An investor-owned power company in southern Minnesota won regulatory approval Thursday to sell its assets to 12 cooperative utilities in a $122 million deal that will mean higher electricity prices for 43,000 customers.
The deal, affecting electric customers in Albert Lea and other small cities long served by Interstate Power & Light (IPL), represents the closing of a historical loop. Early in the 20th century, many investor-owned utilities wired up towns and houses on the roads between towns, but not farms, which were too widely spaced.
"Our co-ops, 80 years ago, were formed primarily because we couldn't get electric service extended into the rural areas," said Brian Krambeer, CEO of Tri-County Electric Cooperative in Rushford and head of the co-op buyers group. "Today we're actually having an opportunity to buy out the investor-owned utility that weaved through southern Minnesota."
Although the co-ops say the deal offers long-term benefits to IPL customers who will become member-owners, it carries a price.

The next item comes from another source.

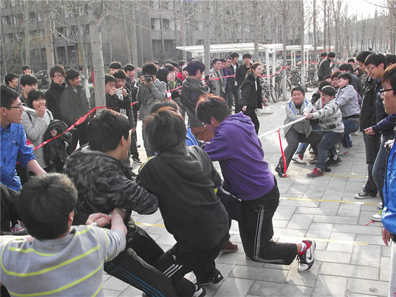 为丰富校园生活,增进同学们的团结精神及营造校园积极活跃的氛围。3月23日下午4:30我校春季拔河比赛于长清校区17号公寓前空地顺利举行。本次的拔河比赛由校学生会体育部部长白泽凡主持,校学生会主席陈太源,副主席甘文到场协调,体育部成员维持比赛秩序。
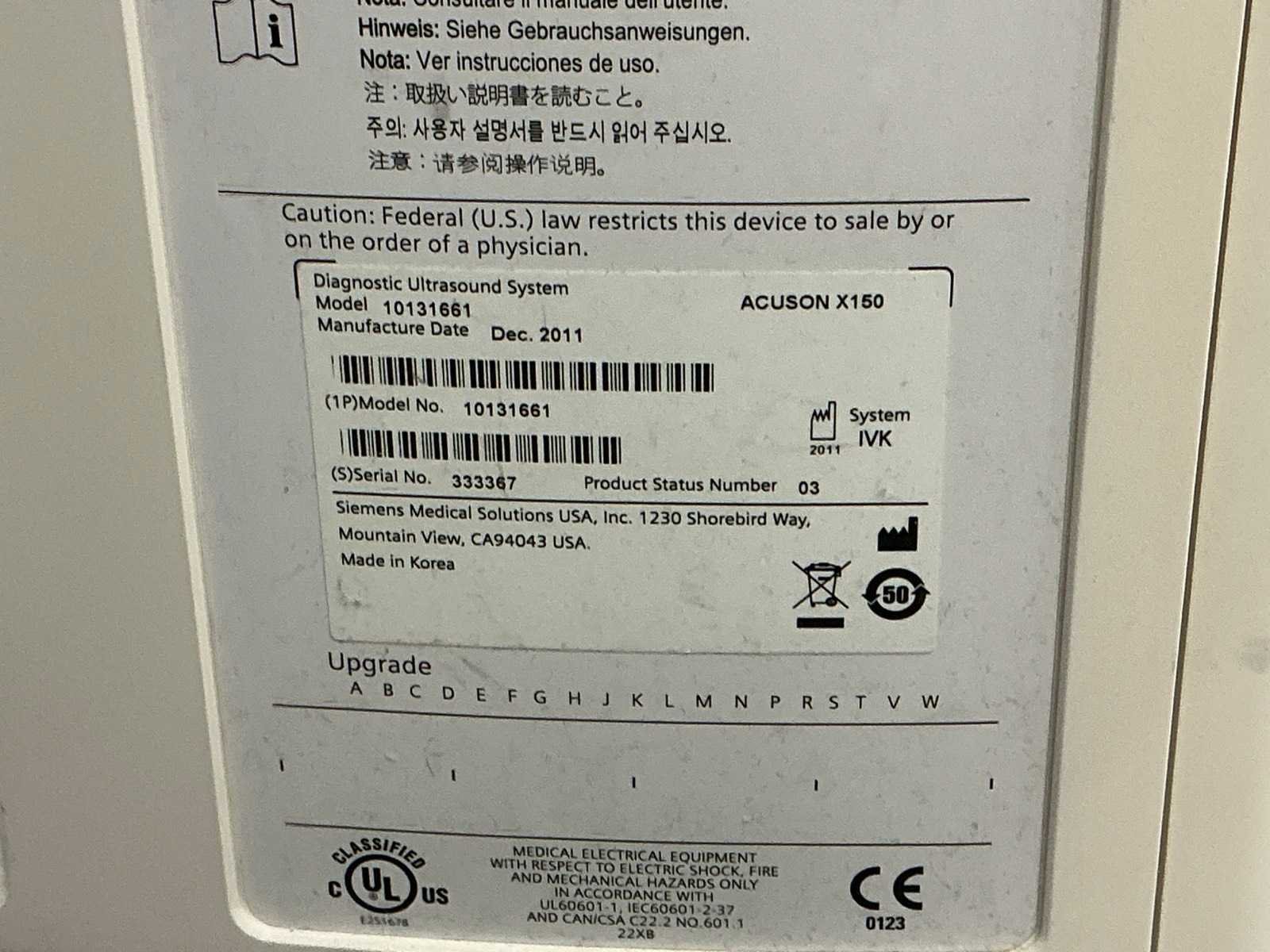 Echo apparaat Merk: Siemens Type: Acuson X150 Bouwjaar: 2011 Serienummer: S333367

Most of the co-ops have higher electric rates than IPL, which hasn't sought an increase since 2010.
The Minnesota Public Utilities Commission approved the transaction 4-0, but will monitor a rate-moderation plan that bars any increase in former IPL customers' basic distribution rates for three years, and limits increases to 5 percent per year for two more years. After that, the co-ops will set their own rates, as they are permitted to do under state law.

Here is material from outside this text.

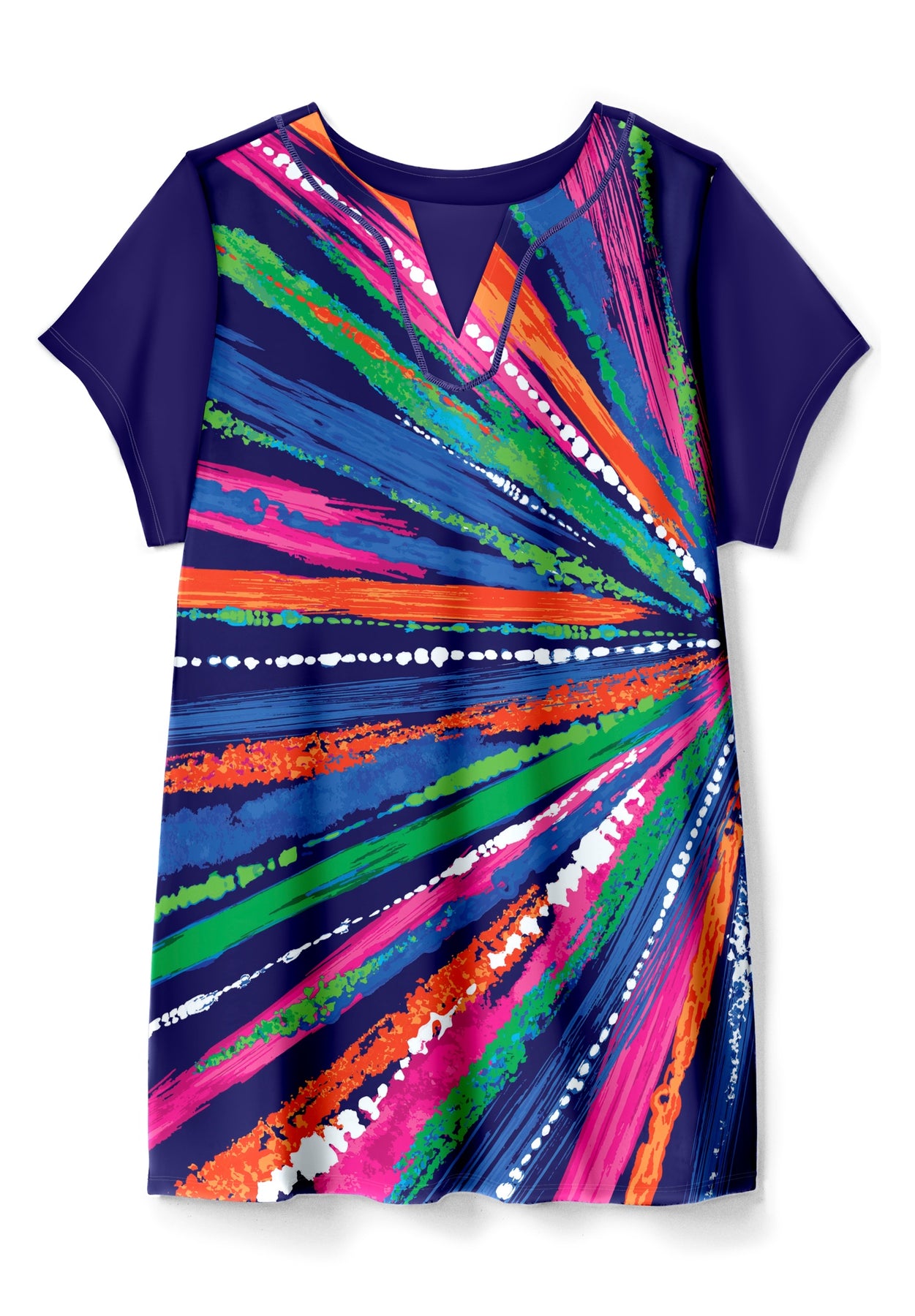 Experience all-day comfort and protection with our Longer Length Short-Sleeve Swim Tunic. Featuring a stylish notch neckline and longer length, it's a perfect style to wear over your favorite swimwear top.

Despite the rate mitigation, customers of IPL still face electric bill increases of 5 percent to 7 percent after the deal closes. That's because IPL will purchase power at higher rates for 10 years from IPL's parent company Alliant Energy. Most coops don't generate electricity, and their purchased power and transmission costs are a separate item on electric bills.
The Minnesota Chamber of Commerce and state attorney general's office objected to IPL getting a profit on the sale, which was priced at nearly $17 million over the book value of the utility assets. IPL also will make higher returns on selling wholesale power to the co-ops.

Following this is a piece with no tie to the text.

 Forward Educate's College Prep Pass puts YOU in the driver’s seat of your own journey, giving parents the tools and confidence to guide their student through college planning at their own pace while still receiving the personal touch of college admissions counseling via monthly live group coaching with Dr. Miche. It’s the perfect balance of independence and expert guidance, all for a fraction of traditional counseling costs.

Regulators also expressed concern about future rate hikes for former IPL customers. Commissioner Nancy Lange, who ultimately voted for the deal, worried about the IPL ratepayers: "This isn't some frozen-in-time rate situation. These rates are going to go up 15 to 20 percent."
The co-ops' attorney, Hap LeVander, said co-op customers elect the boards that set rates, and will have a say in future rates. Some co-ops already have rural and city rates to reflect the different costs of serving concentrated and dispersed customers.
"This was a golden opportunity to acquire a customer base that they wouldn't be able to grow indigenously in their areas," LeVander said of the co-ops' motives.
Each co-op will absorb some IPL members, in numbers ranging from 800 to 15,000 per coop. Freeborn-Mower Cooperative Services will see more than a threefold increase in customers by adding 15,000 Albert Lea customers to its 6,100 existing customers.
Jim Krueger, Freeborn-Mower's CEO, said the co-op will hire 20 IPL employees, the largest share of any co-op. More than 20 other IPL employees are expected to be hired by other acquiring co-ops.